The president dismissed any notion that Kavanaugh should withdraw from consideration, calling it a “ridiculous” question and saying he is a “very special guy,” who has “never had a blemish on his record,” The Hill reported.
Trump also singled out Democratic Senate Judiciary Committee ranking member Sen. Dianne Feinstein of California for holding onto the allegation by University of Palo Alto professor Christine Blasey Ford for months.
In a letter received by Feinstein in early July, Ford claims that Kavanaugh held her down and groped her over her clothing at a high school party when he had been drinking heavily.
Ford was 15 at the time and going into her sophomore year and Kavanaugh, 17, was entering his senior year, The Washington Post reported.
Trump noted that Kavanaugh met at length privately with Feinstein, but she never broached the subject.
Nonetheless, the president said, “We want to go through a full process,” adding, “I have great confidence in the U.S. Senate and in their procedures and what they’re doing.”
Trump conceded a “little delay” might be needed to look into the allegation.
Check out Trump’s statement here:
Kavanaugh unambiguously denied the allegation when it first surfaced last week, and again in a more forceful statement on Monday, CBS News reported.
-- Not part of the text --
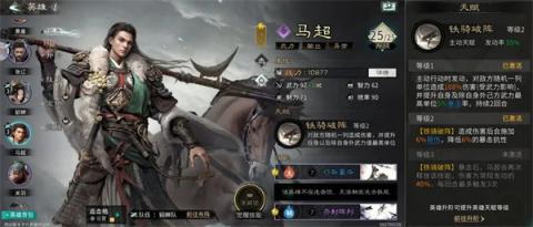 马超的天赋技能【铁骑破阵】可以对敌方一列单位造成伤害,并在两回合的时间内提升他自己和队伍中武力最高单位的5%暴击几率。
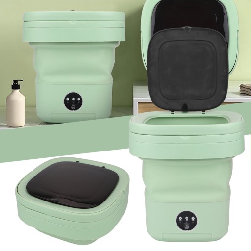 Składana konstrukcja: Mała przenośna pralka sprytnie przyjmuje składaną konstrukcję ułatwiającą przechowywanie, łatwo mieszczącą się między półkami lub pod łóżkiem, nie zajmując zbyt dużo miejsca w domu.

“This is a completely false allegation,” Kavanaugh said in a statement Monday morning. “I have never done anything like what the accuser describes — to her or to anyone. Because this never happened, I had no idea who was making this accusation until she identified herself yesterday.”
He added, “I am willing to talk to the Senate Judiciary Committee in any way the committee deems appropriate to refute this false allegation, from 36 years ago, and defend my integrity.”
Ford’s attorney, Debra Katz, told CNN on Monday that her client is also willing to testify under oath before the Judiciary Committee.
Committee Chairman Chuck Grassley issued a statement on Monday, saying, “Anyone who comes forward as Dr. Ford has deserves to be heard, so I will continue working on a way to hear her out in an appropriate, precedented and respectful manner.”
He added, “Unfortunately, committee Republicans have only known about this person’s identity from news reports for less than 24 hours and known about her allegations for less than a week. Sen. Feinstein, on the other hand, has had this information for many weeks and deprived her colleagues of the information necessary to do our jobs.”
As of Monday afternoon, there had been no official announcement on whether the Judiciary Committee’s vote on the Kavanaugh nomination would take place as scheduled on Thursday.
(Update: Fox News reported Monday evening that the Senate Judiciary Committee’s vote on Kavanaugh has been delayed.)
A full Senate vote on Kavanaugh nomination had been expected by the end of this month before the beginning of the U.S. Supreme Court’s session on Oct. 1.